WHAT THE EXERCISE ASKS: Within the material below, transcribe exactly the lines from the one holding "DEEP POCKET DESIGN: The" through the one holding "Beautiful 100% wool", keeping both ends and skipping the rest.

━━━━━ GIVEN RECORDS ━━━━━

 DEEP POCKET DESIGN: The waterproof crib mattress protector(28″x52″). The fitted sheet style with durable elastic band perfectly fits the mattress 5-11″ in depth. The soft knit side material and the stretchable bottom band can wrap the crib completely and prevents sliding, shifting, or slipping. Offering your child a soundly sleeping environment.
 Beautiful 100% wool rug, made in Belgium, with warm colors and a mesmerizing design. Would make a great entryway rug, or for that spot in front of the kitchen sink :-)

━━━━━
━━━━━ GIVEN RECORDS ━━━━━

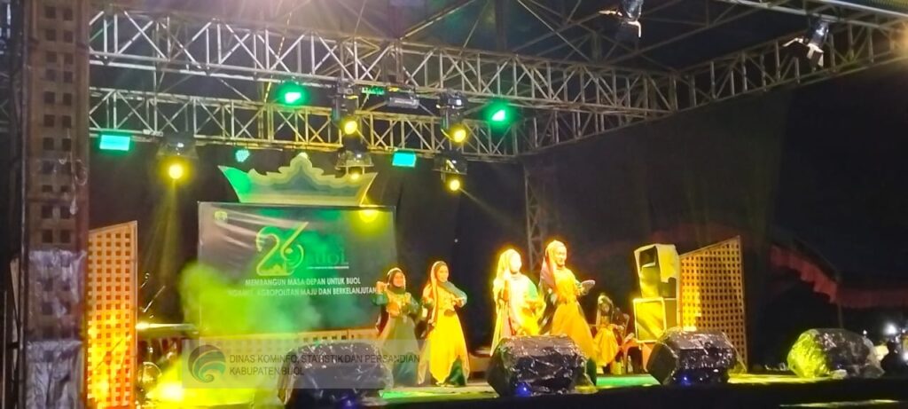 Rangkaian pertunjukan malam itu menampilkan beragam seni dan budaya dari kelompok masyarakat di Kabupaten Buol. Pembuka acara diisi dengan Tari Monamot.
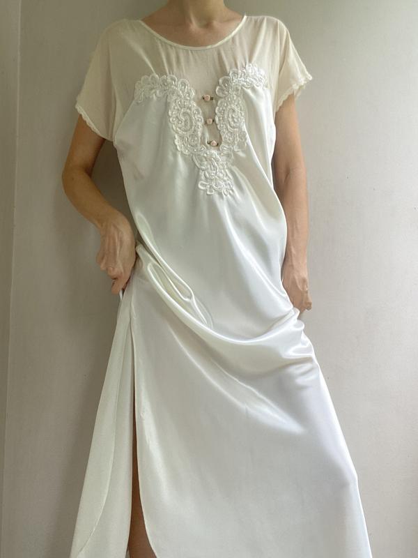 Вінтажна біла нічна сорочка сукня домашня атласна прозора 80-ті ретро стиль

━━━━━
━━━━━ GIVEN RECORDS ━━━━━

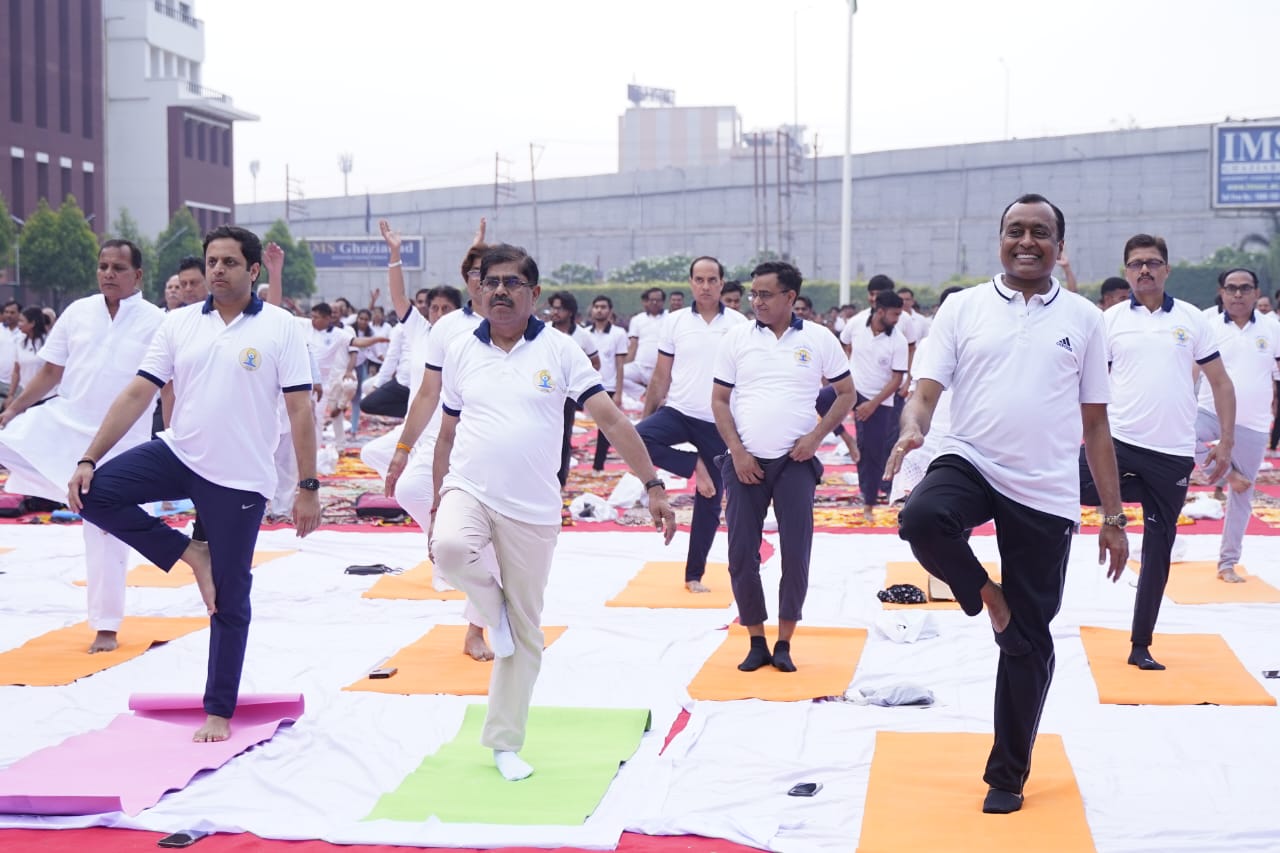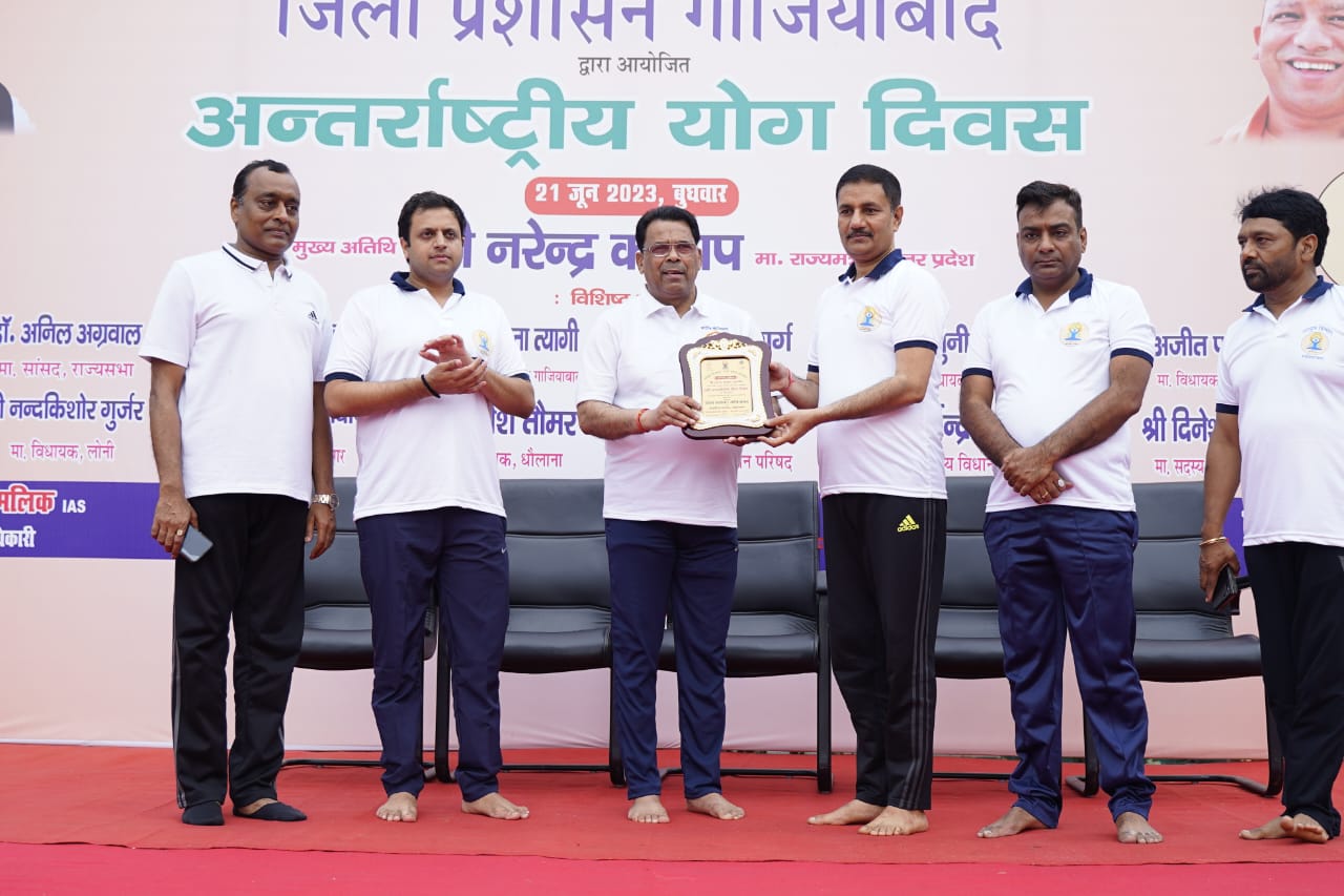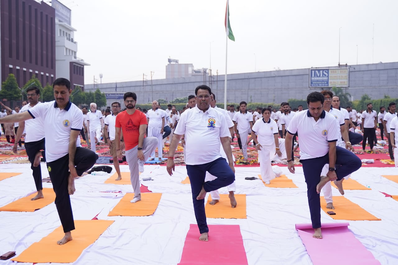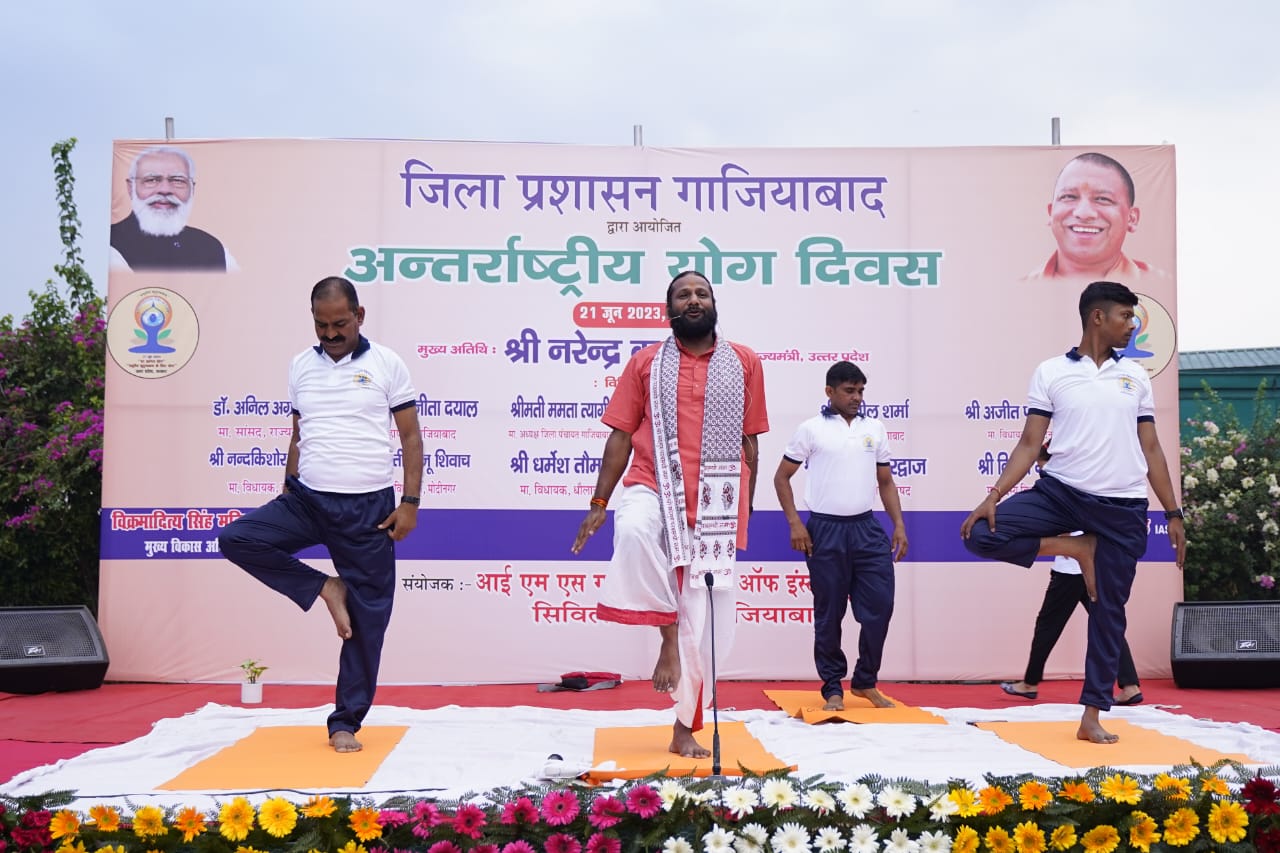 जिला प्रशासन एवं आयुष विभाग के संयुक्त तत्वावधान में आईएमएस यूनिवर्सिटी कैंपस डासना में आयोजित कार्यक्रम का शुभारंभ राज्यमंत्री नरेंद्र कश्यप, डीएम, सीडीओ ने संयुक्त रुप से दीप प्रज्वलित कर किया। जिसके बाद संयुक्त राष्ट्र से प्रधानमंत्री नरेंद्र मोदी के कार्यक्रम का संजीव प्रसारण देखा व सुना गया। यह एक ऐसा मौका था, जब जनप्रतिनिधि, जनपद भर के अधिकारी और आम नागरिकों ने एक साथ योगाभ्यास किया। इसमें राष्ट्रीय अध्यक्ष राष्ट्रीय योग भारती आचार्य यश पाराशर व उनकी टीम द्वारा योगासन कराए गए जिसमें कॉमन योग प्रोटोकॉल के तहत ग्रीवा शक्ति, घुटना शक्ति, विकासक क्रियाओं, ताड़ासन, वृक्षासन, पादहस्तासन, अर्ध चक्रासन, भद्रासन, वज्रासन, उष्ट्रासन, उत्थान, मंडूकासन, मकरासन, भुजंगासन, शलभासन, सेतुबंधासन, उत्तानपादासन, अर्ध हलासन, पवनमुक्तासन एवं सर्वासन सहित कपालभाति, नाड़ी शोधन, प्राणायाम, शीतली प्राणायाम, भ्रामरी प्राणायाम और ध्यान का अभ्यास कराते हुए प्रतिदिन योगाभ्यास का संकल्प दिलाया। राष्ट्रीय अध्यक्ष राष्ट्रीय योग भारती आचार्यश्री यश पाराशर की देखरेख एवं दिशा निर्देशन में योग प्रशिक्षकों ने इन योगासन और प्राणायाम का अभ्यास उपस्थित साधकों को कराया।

━━━━━

OUTPUT:
 DEEP POCKET DESIGN: The waterproof crib mattress protector(28″x52″). The fitted sheet style with durable elastic band perfectly fits the mattress 5-11″ in depth. The soft knit side material and the stretchable bottom band can wrap the crib completely and prevents sliding, shifting, or slipping. Offering your child a soundly sleeping environment.
 Beautiful 100% wool rug, made in Belgium, with warm colors and a mesmerizing design. Would make a great entryway rug, or for that spot in front of the kitchen sink :-)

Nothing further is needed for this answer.